Note that any version before 2017a (i.e. 2016a, 2015a, 2014b, 2014a and 2013a) is not supported by Slurm scheduler for scalable parallelization.
To run parallel jobs on Quest that use cores across multiple nodes, you need to create a parallel profile.
Log in to Quest with X-forwarding enabled (use the -X option when connecting via ssh or connect with FastX to have X-forwarding enabled by default).
Launch MATLAB on the login node you land on from your home directory:
module load matlab/r2021b
matlab
CONFIGURATION OF QUEST CLUSTER
We will configure MATLAB to run parallel jobs on Quest by calling configCluster
. configCluster
only needs to be called once per version of MATLAB. Please be aware that running configCluster
more than once per version will reset your cluster profile back to default settings and erase any saved modifications to the profile.
>> rehash toolboxcache
>> configCluster
Jobs will now default to the cluster rather than submit to the local machine.
Although the Cluster Profile created by this script will work out of the box, we recommend slightly modifying the Cluster Profile.
If you are using the MATLAB GUI on Quest, you should be able to see and modify new cluster profile by doing the following: Parallel > Create and Manage Clusters). You should see that the default Cluster Profile is now quest R20XXa/b depending on what version of MATLAB > r2017a you are using.
Click Edit and change the JobStorageLocation entry and then click Done. We recommend updating the JobStorageLocation to be the default value of current working directory (which can be achieved by leaving the PATH blank).
CONFIGURING JOBS
Prior to submitting the job, we can specify various parameters to pass to our jobs, such as partition, allocation, walltime, etc.
>> % Get a handle to the cluster
>> c = parcluster;
The following options are required in order to submit a MATLAB job to the cluster.
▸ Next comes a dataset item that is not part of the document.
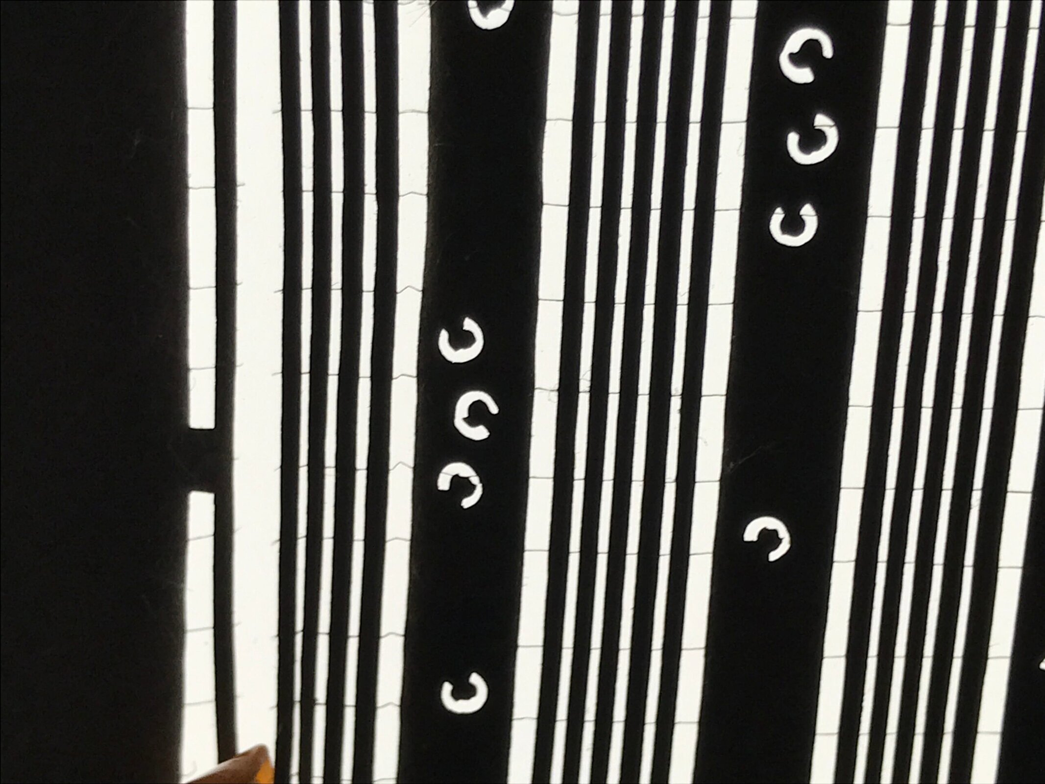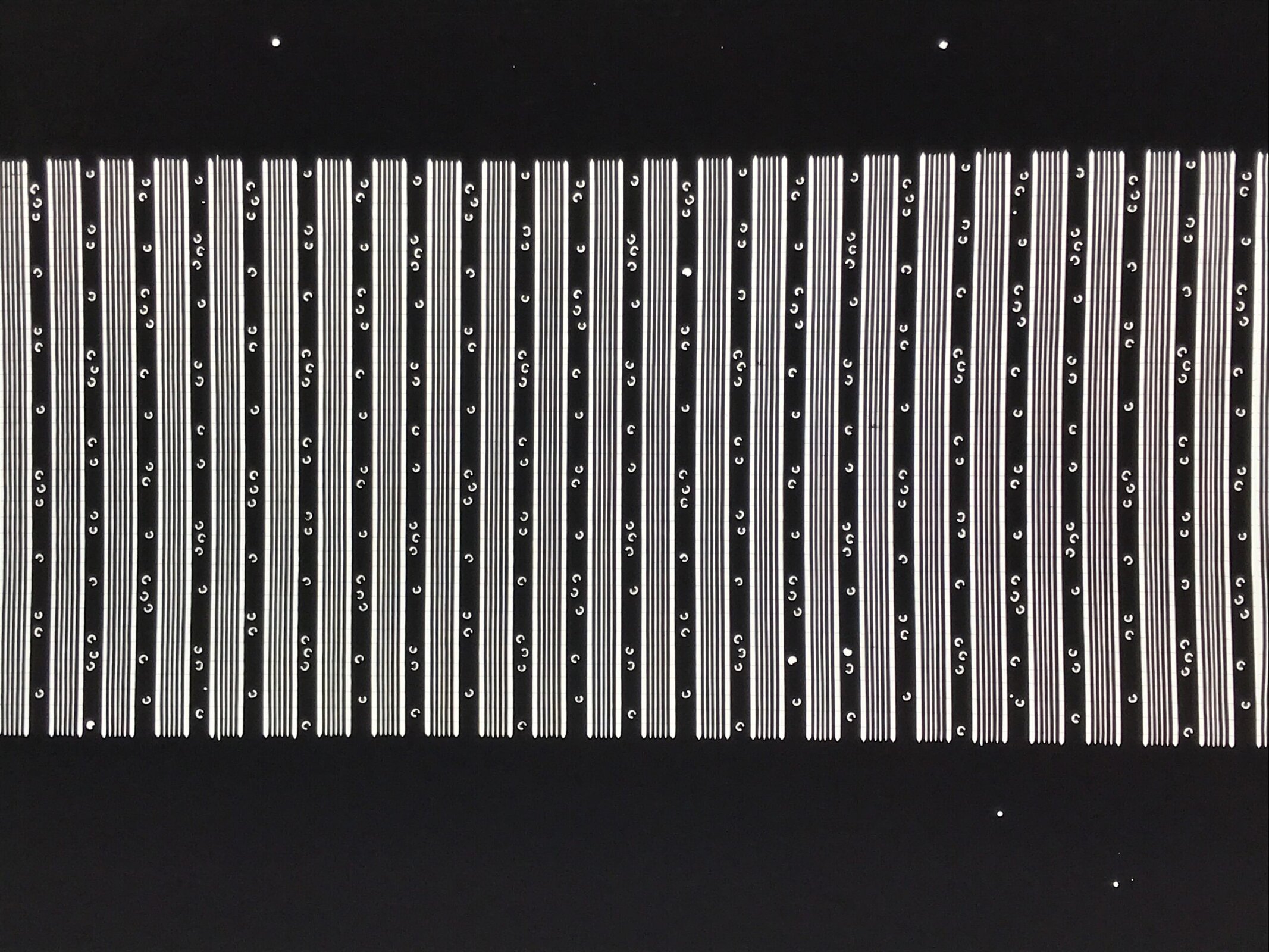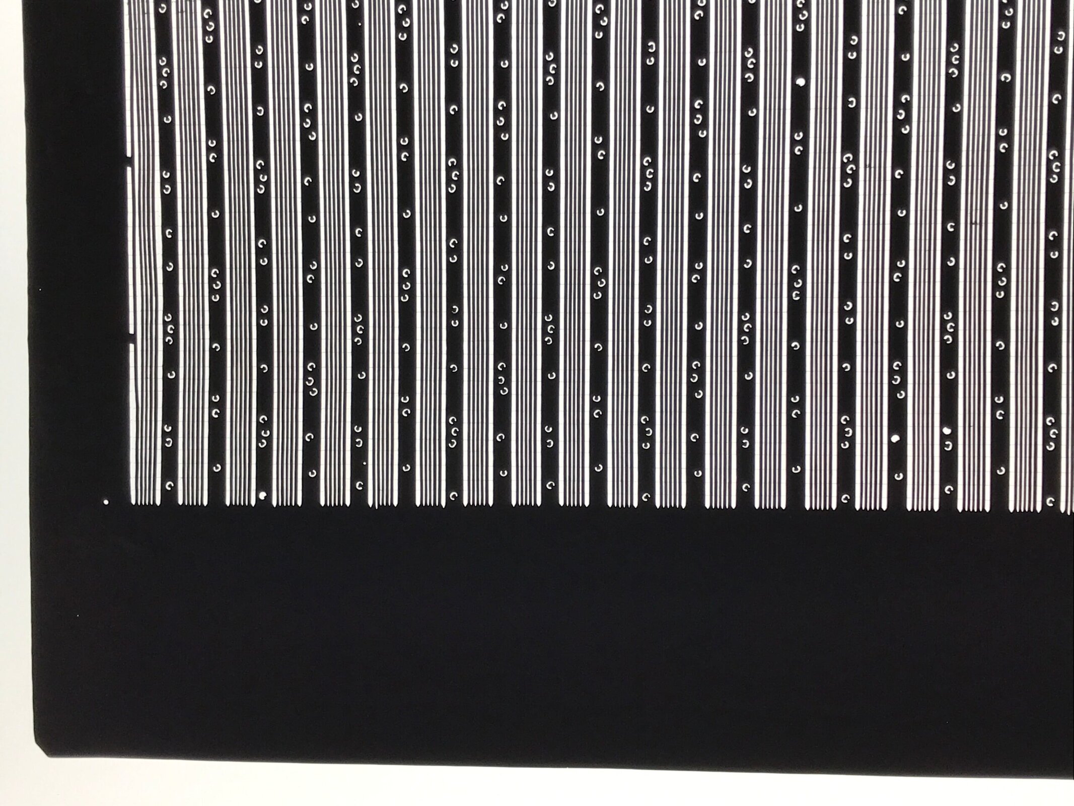 Using traditional mulberry washi paper, this katagami stencil features a simple set of vertical striped lines with small accents. There are very thin silk threads holding the delicate pattern in place.

>> % Specify the walltime (e.g. 4 hours)
>> c.AdditionalProperties.WallTime = '04:00:00';
>> % Specify an account to use for MATLAB jobs (e.g. pXXXX, bXXXX, etc)
>> c.AdditionalProperties.AccountName = 'account-name';
>> % Specify a queue to use for MATLAB jobs (e.g. short, normal, long)
>> c.AdditionalProperties.QueueName = 'queue-name';
The following arguments are optional but are worth considering when running MATLAB jobs on the cluster
>> % Specify memory to use for MATLAB jobs, per core (default: 4gb)
>> c.AdditionalProperties.MemUsage = '6gb';
>> % Specify number of nodes to use
>> c.AdditionalProperties.Nodes = 1;
>> % Require exclusive node
>> c.AdditionalProperties.RequireExclusiveNode = false;
>> % Specify e-mail address to receive notifications about your job
>> c.AdditionalProperties.EmailAddress = 'user-id@northwestern.edu';
The following arguments are apply when running GPU accelerated MATLAB jobs
>> % Specify number of GPUs
>> c.AdditionalProperties.GpusPerNode = 1;
>> % Specify type of GPU card to use (e.g. a100)
>> c.AdditionalProperties.GpuCard = '';
Save changes after modifying AdditionalProperties for the above changes to persist between MATLAB sessions.
>> c.saveProfile
To see the values of the current configuration options, display AdditionalProperties.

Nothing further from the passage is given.